Question

Suppose we take a poll (random sample) of 3923 students classified as Juniors and find that 3196 of them believe that they will find a job immediately after graduation. What is the 99 % confidence interval for the proportion of GSU Juniors who believe that they will, immediately, be employed after graduation.

Answer 1

The 99% confidence interval for the proportion of GSU Juniors who believe that they will, immediately, be employed after graduation is (0.7987, 0.8307).

Explanation:

In a sample with a number n of people surveyed with a probability of a success of
`\pi`, and a confidence level of
`1-\alpha`, we have the following confidence interval of proportions.

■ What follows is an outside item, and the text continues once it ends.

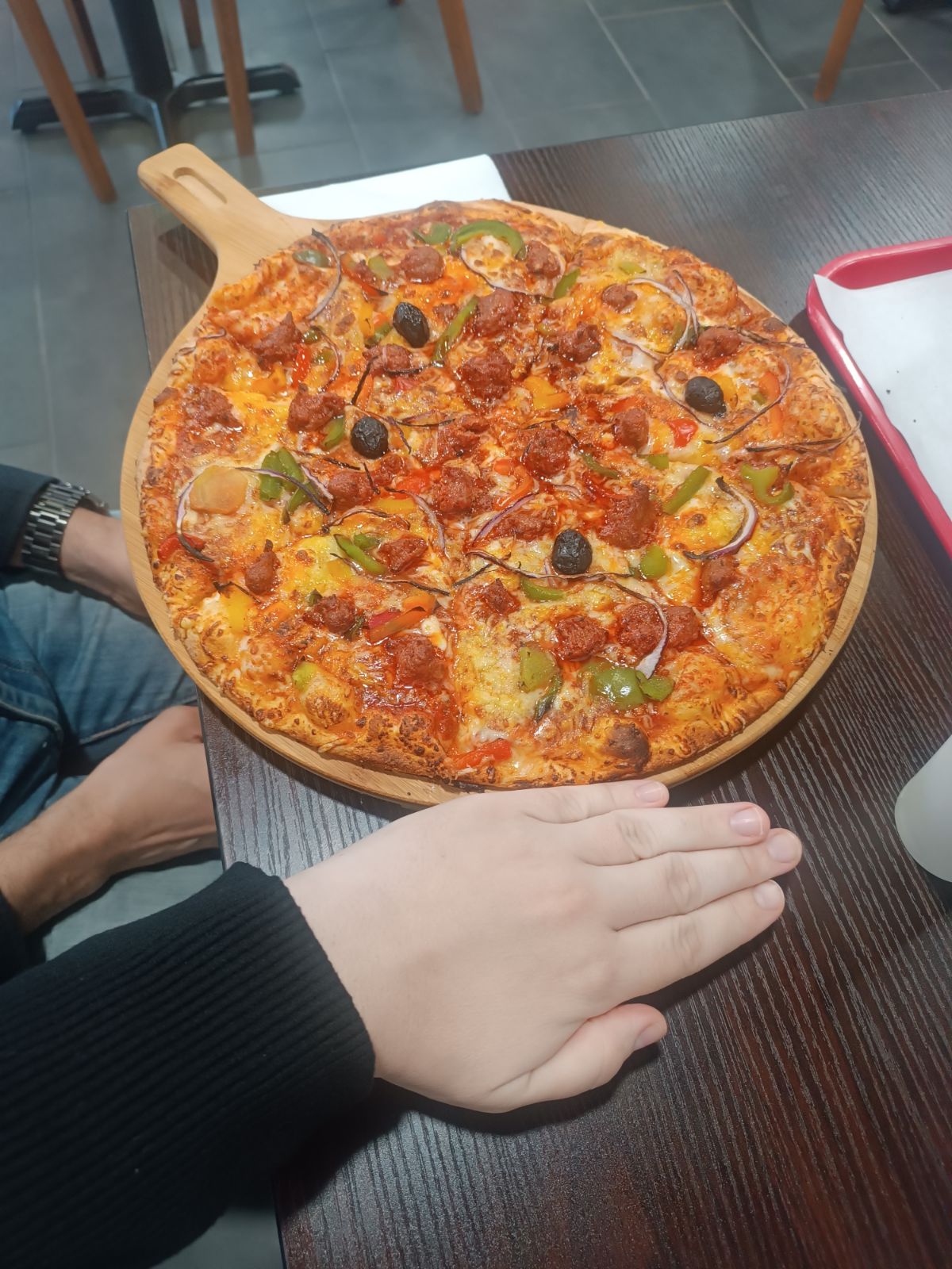 Bon accueil et service assez rapide pour un samedi soir , la pizza royale et le tacos sont super bon Vous pouvez y aller ça passe très bien moi j'y retournerai sûrement merci

`\pi \pm z\sqrt{(\pi(1-\pi))/(n)}`

In which

z is the z-score that has a p-value of
`1 - (\alpha)/(2)`.

Suppose we take a poll (random sample) of 3923 students classified as Juniors and find that 3196 of them believe that they will find a job immediately after graduation.

This means that
`n = 3923, \pi = (3196)/(3923) = 0.8147`

99% confidence level

So
`\alpha = 0.01`, z is the value of Z that has a p-value of
`1 - (0.01)/(2) = 0.995`, so
`Z = 2.575`.

The lower limit of this interval is:

`\pi - z\sqrt{(\pi(1-\pi))/(n)} = 0.8147 - 2.575\sqrt{(0.8147*0.1853)/(3923)} = 0.7987`

The upper limit of this interval is:

`\pi + z\sqrt{(\pi(1-\pi))/(n)} = 0.8147 + 2.575\sqrt{(0.8147*0.1853)/(3923)} = 0.8307`

The 99% confidence interval for the proportion of GSU Juniors who believe that they will, immediately, be employed after graduation is (0.7987, 0.8307).